What’s causing amphibian declines? Atrazine exposure? Chytrid fungus? Loss of habitat and climate change? All four elements working synergistically? Science News recently ran an in-depth feature re-examining the risks of atrazine, one of the world’s most widely used agricultural pesticides. In this piece, “Weedkiller in the cross hairs” by veteran science writer Janet Raloff, I learned that the largest U.S. producer of atrazine — Syngenta Crop Protection — is 30 minutes down the road from me, in Greensboro, N.C. Her article tussles with the various angles of whether exposure to atrazine in a laboratory setting can accurately model effects of the chemical upon wild amphibians, but one bit of reporting that made my heart drop was a USGS map delineating where atrazine was predicted to occur based on watersheds and monitoring data. Check it out:
The red areas indicate concentrations exceeding 1.026 micrograms per liter (same as parts per billion measurement). I find it really curious that what appears to be Charlotte is an atrazine hot spot in my state. Why not the Piedmont of N.C., where lots of corn, soy and vegetable farming occurs? Why would it accumulate in an urban area? (Do you know? Comment section is always open…) And I can’t help but wonder why there is no data for the area south of Lake Okeechobee in Florida, where large tracts of sugar cane and vegetable farms have bled phosphorous and nitrogren into the Glades for years and years. It would not be a huge leap of logic to hypothesize that pesticides too are leaking south in this area.

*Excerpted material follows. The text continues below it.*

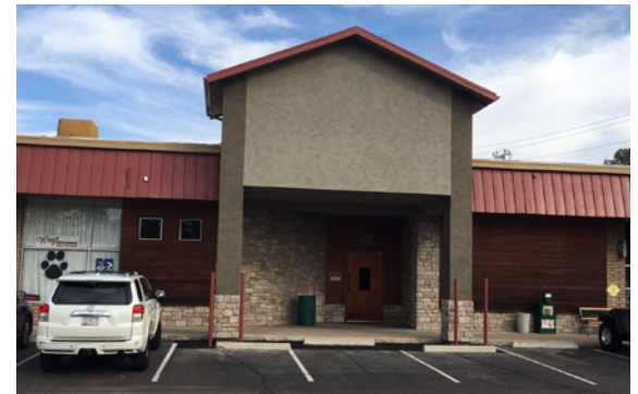
Former Restaurant Space

There is a lot of scientific and anecdotal history to the relationship between atrazine and frogs, and I’m not going to try to recap it here. Just go read Raloff’s article, which covers the studies that do and don’t show a measurable effect upon frogs in terms of chemically castrating males, and upon rats in terms of causing hormonal changes.

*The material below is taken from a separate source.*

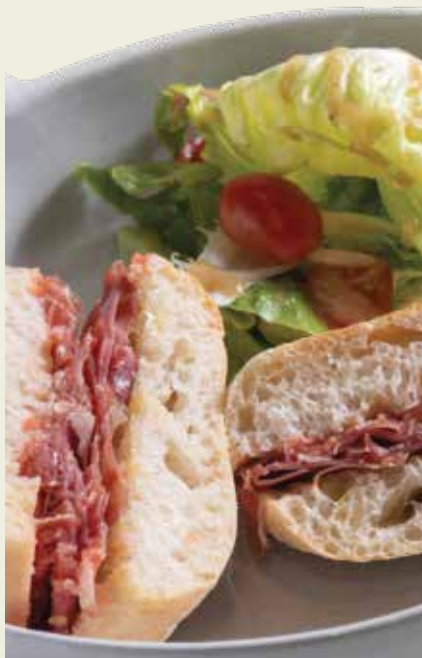
IBERICO SANDWICH IBERICO CAMPO, TOMATO, OLIVE OIL

But a few days after this article published, Berkeley issued a press release on March 1 stating that research had shown atrazine exposure to “common laboratory frogs” could flip male croakers into females. So demasculizining the amphibians totally gets sidelined when compared to flipping the switch on gender. Even more disturbing, they issued a photo of what they say is a male frog that had been chemically converted to a female MATING with its male sibling; the evolutionarily cursed pair produced fertile offspring — though they were all male, with obvious implications for what this would mean in terms of altering population dynamics if it modeled a wild situation. Raloff followed up with an online post incorporating the new study’s findings into her earlier reporting, and again, I encourage you to read this too. And if right about now you are thinking that this new lab model probably does not mean squat, consider this statement in the release about correlations in field work:
Subsequent studies showed that native leopard frogs (Rana pipiens) collected from atrazine-contaminated streams in the Midwest, including from areas up to 1,000 miles from where atrazine is applied, often had eggs in their testes. And many males had lower testosterone levels than normal females and smaller than normal voice boxes, presumably limiting their ability to call mates.

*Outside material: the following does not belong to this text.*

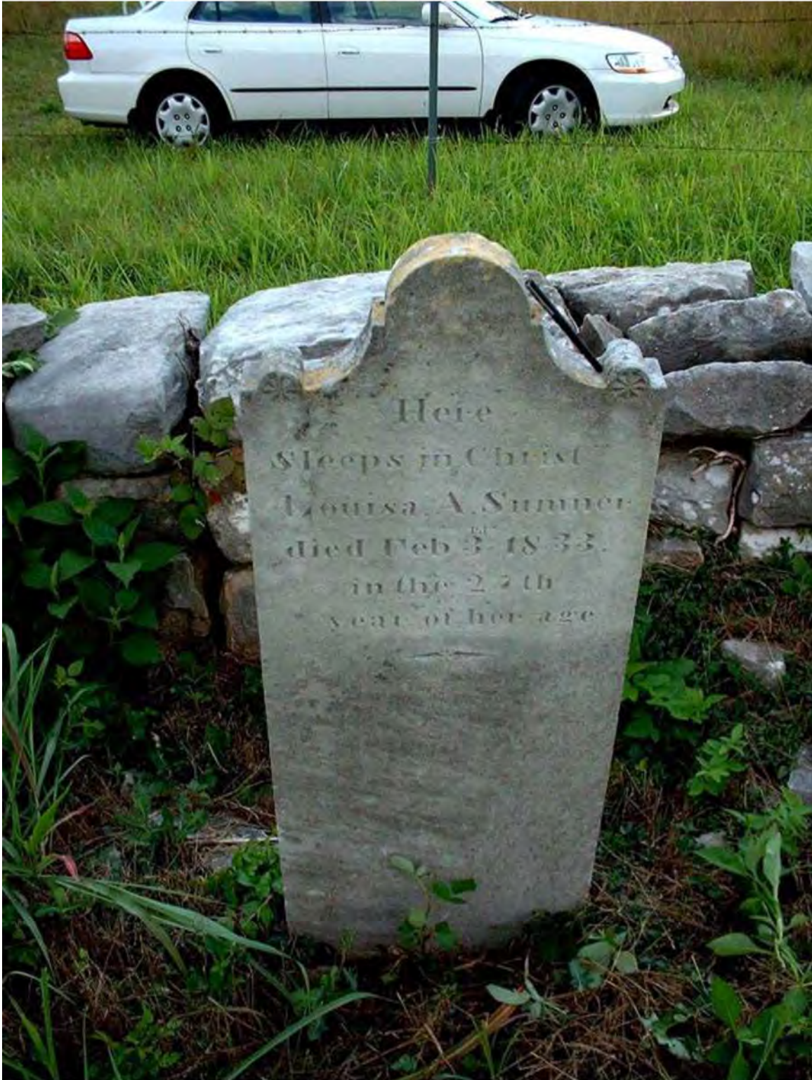
Jordan - Lanier Cemetery, Redstone Arsenal, Madison Co., AL, June, 2002.

Where I live, the spring peepers have been calling from water-filled roadside ditches for several weeks, and from flooded bottomland forest and emphemeral pools (of which there are many, because we’ve had such a wet winter). I shudder to think that some of these poor animals have screwed up reproductive bits like eggs in their testes, or that they may be more vulnerable to infectious disease because their immune systems are battered or frayed from atrazine exposure.


Could the hotspot near Charlotte be related to the atrazine plant near Greensboro?
I don’t know! There doesn’t appear to be a waterway that would lead to Charlotte from Greensboro. It kind of flummoxed me to see that red spot on the map.